- **LISTED ENTRIES**:
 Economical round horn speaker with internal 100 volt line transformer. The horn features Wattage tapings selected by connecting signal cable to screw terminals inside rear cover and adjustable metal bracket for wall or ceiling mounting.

...

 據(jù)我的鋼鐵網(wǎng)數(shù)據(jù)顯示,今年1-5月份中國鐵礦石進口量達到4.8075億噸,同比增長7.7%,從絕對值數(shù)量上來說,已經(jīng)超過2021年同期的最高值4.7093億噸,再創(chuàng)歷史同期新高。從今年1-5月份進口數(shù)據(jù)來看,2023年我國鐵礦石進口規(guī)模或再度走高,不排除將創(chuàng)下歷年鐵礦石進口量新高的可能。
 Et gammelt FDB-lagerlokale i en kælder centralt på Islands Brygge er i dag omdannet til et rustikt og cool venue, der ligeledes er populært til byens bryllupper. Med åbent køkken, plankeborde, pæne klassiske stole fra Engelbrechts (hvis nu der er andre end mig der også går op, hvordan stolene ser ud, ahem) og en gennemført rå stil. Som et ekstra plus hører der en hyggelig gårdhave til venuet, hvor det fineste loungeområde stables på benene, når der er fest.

...

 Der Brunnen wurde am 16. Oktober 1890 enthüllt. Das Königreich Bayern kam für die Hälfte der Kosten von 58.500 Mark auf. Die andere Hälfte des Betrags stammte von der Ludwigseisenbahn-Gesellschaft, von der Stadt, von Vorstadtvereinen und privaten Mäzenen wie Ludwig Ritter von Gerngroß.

- **TRY IT**:
In the entries above, please find the line with "據(jù)我的鋼鐵網(wǎn" and the line with "Et gammelt FDB-lagerlokale", then write out exactly those two lines and every line between them, and nothing more.

- **SOLUTION TO THIS EXERCISE**:
 據(jù)我的鋼鐵網(wǎng)數(shù)據(jù)顯示,今年1-5月份中國鐵礦石進口量達到4.8075億噸,同比增長7.7%,從絕對值數(shù)量上來說,已經(jīng)超過2021年同期的最高值4.7093億噸,再創(chuàng)歷史同期新高。從今年1-5月份進口數(shù)據(jù)來看,2023年我國鐵礦石進口規(guī)模或再度走高,不排除將創(chuàng)下歷年鐵礦石進口量新高的可能。
 Et gammelt FDB-lagerlokale i en kælder centralt på Islands Brygge er i dag omdannet til et rustikt og cool venue, der ligeledes er populært til byens bryllupper. Med åbent køkken, plankeborde, pæne klassiske stole fra Engelbrechts (hvis nu der er andre end mig der også går op, hvordan stolene ser ud, ahem) og en gennemført rå stil. Som et ekstra plus hører der en hyggelig gårdhave til venuet, hvor det fineste loungeområde stables på benene, når der er fest.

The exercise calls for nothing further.